The imprisoned civilians were being held illegally in wartime prison camps in a former school and in another partially built building in Sarajevo.
"The accused are charged with the murder of at least eight civilians who were imprisoned. Among the suspects are the direct perpetrators of the killings," the statement said.
It added that Serbian police were part of the operation as some of the victims now live in Serbia.
More than 100,000 people were killed in the Bosnian conflict, which ended with a U.S.-brokered agreement that divided the country and its administration largely along ethnic lines among Bosniaks, Serbs, and Croats.
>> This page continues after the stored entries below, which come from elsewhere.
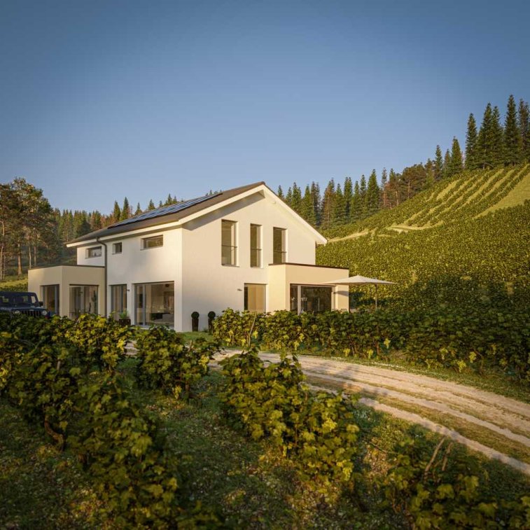 Eine junge Architektursprache, eine innovative Raumaufteilung mit maximaler Flexibilität und jede Menge Komfort: Dieses Einfamilienhaus geht hinsichtlich Gestaltung und Ausstattung keine Kompromisse ein. Von außen zeigt sich der Zweigeschosser als modern interpretiertes Satteldachhaus, das durch attraktive Anbauten und Erweiterungen akzentuiert wird. So fügt sich auf der Eingangsseite ein Übereck-Erker an, der sich in eine praktische Eingangsüberdachung verlängert. Auf der Gartenseite findet sich ein weiterer Übereck-Erker mit Terrassenüberdachung. Beide wurden in einem sehr natürlich wirkenden Sandton gestaltet, der dem Fertighaus einen freundlichen, einladenden Charakter verleiht. Ein Zwerchgiebel mit Flachdach und großzügige Glasflächen, die die Innenräume in ein sonniges Wohlfühlambiente tauchen, lockern die Ansicht zusätzlich auf. Betreten wird das Haus über eine repräsentative Diele mit geräumigem Garderobenbereich. Rechts und links schließt sich jeweils ein Büro an. Hier können Geschäftspartner oder Kollegen empfangen werden, ohne dass das Familienleben gestört wird. Es ist auch denkbar, die Büros als schicke Jugendzimmer einzurichten. Mit dem angrenzenden Duschbad bieten sie die besten Voraussetzungen für eine alternative Nutzung. Im hinteren Teil des Gebäudes "dreht" sich alles um den Wasserdampfkamin: Stilvoll trennt er die Funktionsbereiche Wohnen, Essen und Kochen voneinander ab. Eine geradläufige Treppe führt die Besucher hinauf in das Obergeschoss, das dank des hohen Kniestocks von 1,80 m dem Erdgeschoss hinsichtlich des Platzangebots in nichts nachsteht. Unter dem flach geneigten Dach liegen zwei Kinderzimmer, ein großer Schlafraum mit angeschlossener Ankleide und Zugang zum sonnenverwöhnten Balkon sowie zwei Wellnessbäder, die durch einen großen ebenerdigen Duschbereich miteinander verbunden sind. Eine wohlverdiente Auszeit vom Alltagsgeschehen verspricht aber nicht nur die Regendusche. Auch die prominent vor dem bodentiefen Fenster platzierte Wanne und die Infrarotkabine laden zum Entspannen ein. Die komplette Technik wurde im Musterhaus in den Keller ausgelagert, sodass den Bauherren bei der Gestaltung der oberen Etagen alle Möglichkeiten offenstehen. Ohne Keller bietet sich eines der Büros im Erdgeschoss dafür an.
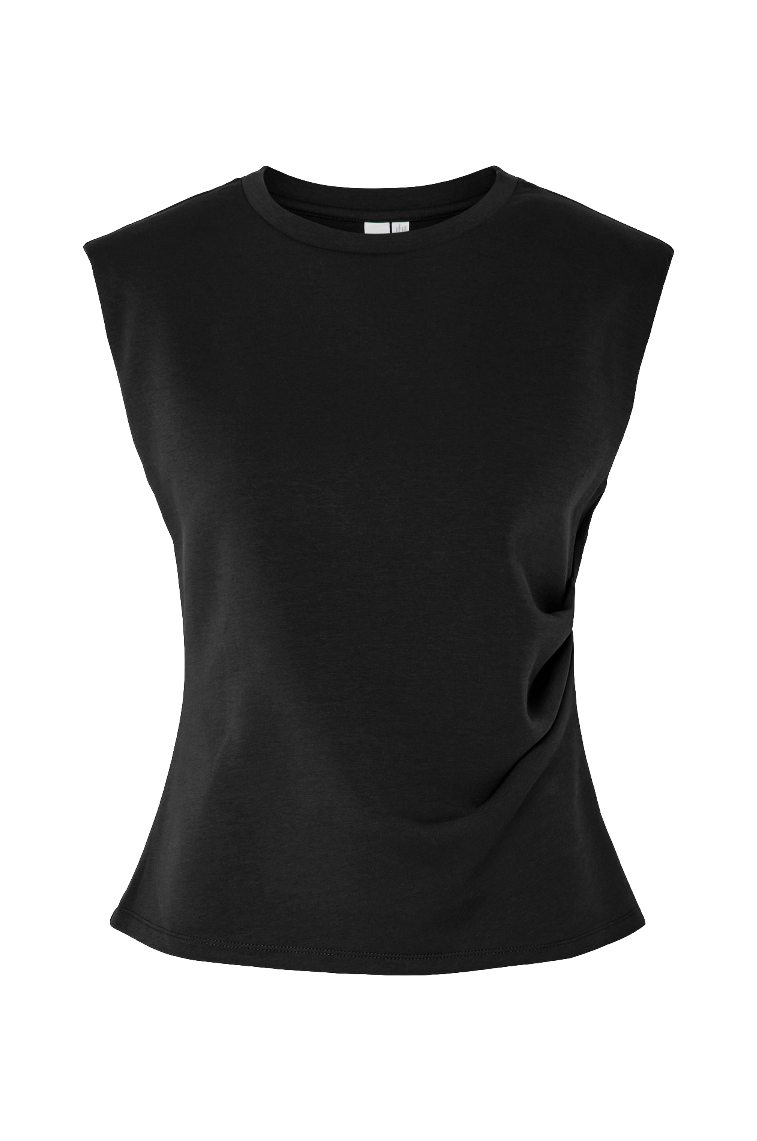 • Ermløs, stretchy topp med skulderputer• Figurformet modell• Rund hals• Rysje i ene siden
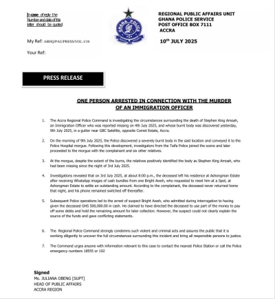 The Accra Regional Police Command has arrested one suspect, Bright Aveh, in connection with the murder of Stephen King Amoah, an Immigration Officer whose burnt body was discovered on July 9, 2025, in a gutter near GBC Satellite, opposite Comet Estate, Accra.
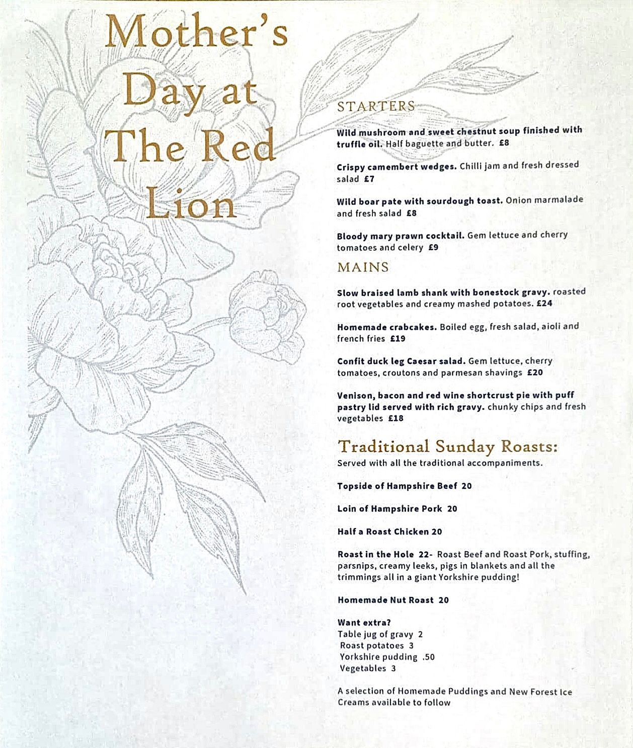 SEE OUR MOTHERING SUNDAY ( March 30th)
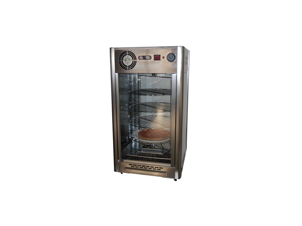 rozmer: 470x470x870mm(šxhxv); príkon elektro: 1,2kW/230V; objem: 108 l; počet políc: 4ks; prevedenie police: otočné roštové; regulácia teploty: 30-90°C; zvlhčovanie z nádoby; osvetlenie LED
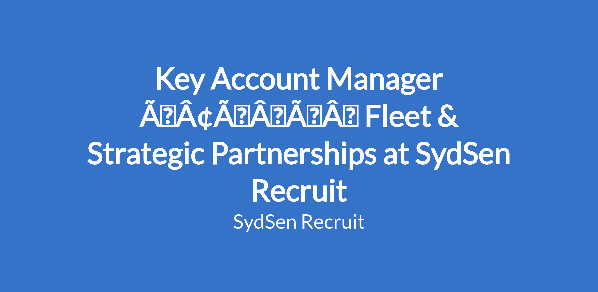 Key Account Manager âÃÂàFleet & Strategic Partnerships at SydSen Recruit

This is the third operation to arrest war crimes suspects conducted by SIPA in the past two weeks.
On December 3, seven people were arrested and charged with participating in the killing of 22 Bosniaks, including seven children, in the village of Balatun nearly 30 years ago. At the time, the three suspects were members of the Serb police.
Four days before that, the agency arrested nine people in the northwestern town of Novi Grad who are suspected of crimes against humanity.
More than 100,000 people died in the war in Bosnia among the Bosniaks -- who are mostly Muslims --Serbs and Croats.
Bosnian Serbs besieged the capital, Sarajevo, during the conflict, but many Serbs also remained in the city and dozens were killed by Bosniak fighters who were in control.
Ethnic relations in Bosnia remain tense years after the war ended in 1995 in a U.S.-brokered peace agreement that created two entities within Bosnia -- one Bosnian Serb and the other Bosniak-Croat.